I ignored the question because it is the role of the psychiatrist to ask questions, not answer them. A genuinely skilled psychiatrist, as I am known to be, should help the patient discover the proper course of action. I gave Marcus an appropriate answer to his question: “What do you think you should do?”
“For God’s sake, you’re the doctor. You’re the one who is supposed to have all the answers.”
This was the first time Marcus had treated me rudely. I forgave him because he was under great pressure. I did not respond to his outburst and waited for him to continue.
“There is one thing I have not told you, doctor. I am running out of time.”
“What do you mean?”
“The Dance at Bougival is in a traveling exhibition. Next Saturday morning the exhibition moves to the High Museum of Art in Atlanta. The painting will be packed in a box and loaded into a truck. Eloise will be alone, in the dark, with the bearded stranger. That will be the perfect time for him to violate her.”
I knew Marcus would ignore my counsel but I gave it anyway. “You need to decelerate, Marcus. Slow down. Think of something else. Think of…” I had to stop. He was not capable of thought that existed outside the boundaries of French Impressionism. The sentence went unfinished because Marcus rose from the leather armchair and trudged out of the office with his chin on his chest.

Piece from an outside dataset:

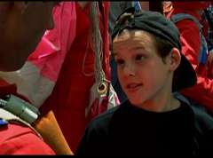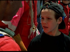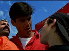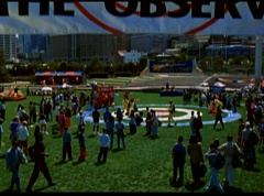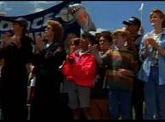 Below at the target sight, the announcer states, with the arrival of Ryan's Comet, just two days away, the Angel Grove Jump-a-thon will breathe new life into the old observatory. Tickets to see the comet are available at the fire fighters booth. A crowd has gathered around the landing area. The announcer announces, raise your eyes to the skies. Now here comes the team from Angel Grove High! The crowd cheers. A young boy, Fred, and his dad are in the crowd cheering. Fred tells his dad, pay close attention. This is how the pros do it. Fred's dad replies that he didn't do so bad. Fred states, you landed in the parking lot. It was embarrassing. The dad isn't too fazed. The pair return to watching the skies. Adam lands first and hits the target dead center. Next is skydiver Billy, who manages a perfect landing.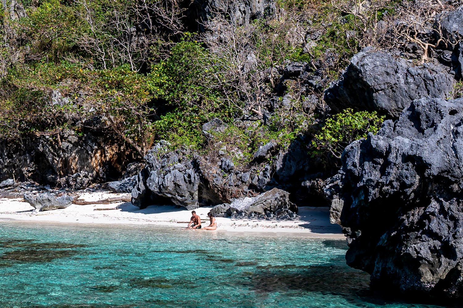 We set course towards the Bacuit Bay to the sound of guitar, local Philippine songs sung by the crew. It didn’t take long for our first stop, the beautiful Matinloc Island, reminiscent of Maya Bay in Thailand. With its pearl white beaches, lush palm trees, and limestone rock formations, it could have been Koh Phi Phi, Koh Lanta, or any other Krabi island lost to the mass tourism of the 21st century. But it wasn’t. It was the perfect alternative.

The next day was Tuesday. I called Marcus at his apartment. No answer. On Wednesday I called again. When he didn’t answer I called his mother. She said she had not heard from him in over a month, which was not unusual. On Thursday I called him. Again no answer, so I went to the condo where he lived. The concierge told me she had not seen him in several days and mail was in a pile outside his apartment door. She told me, “Feel free to check for if you like.” So I did; there was no answer. On Friday afternoon I went to the museum to look for Marcus.
A security officer in the museum lobby pointed me in the direction of the great hall where I expected to find Marcus on a marble bench staring at The Dance at Bougival. The bench was empty. I stood before the painting and looked at it up close because I was most curious about Eloise, the girl Marcus had fallen in love with. Yes, she was indeed beautiful. A young, coquettish face turned to one side, a red bonnet tied beneath her chin, a flowing white dress cinched at the waist with a ribbon that matched her bonnet. The man dancing with Eloise wore a yellow hat—but strange—he was beardless. Marcus had called him the stranger with the beard. But the man had no beard. I moved an inch closer to the painting to see the man’s face. It was partially hidden beneath the brim of the yellow hat but I was able to see one curious facial feature. The man had a nose that looked like a cucumber.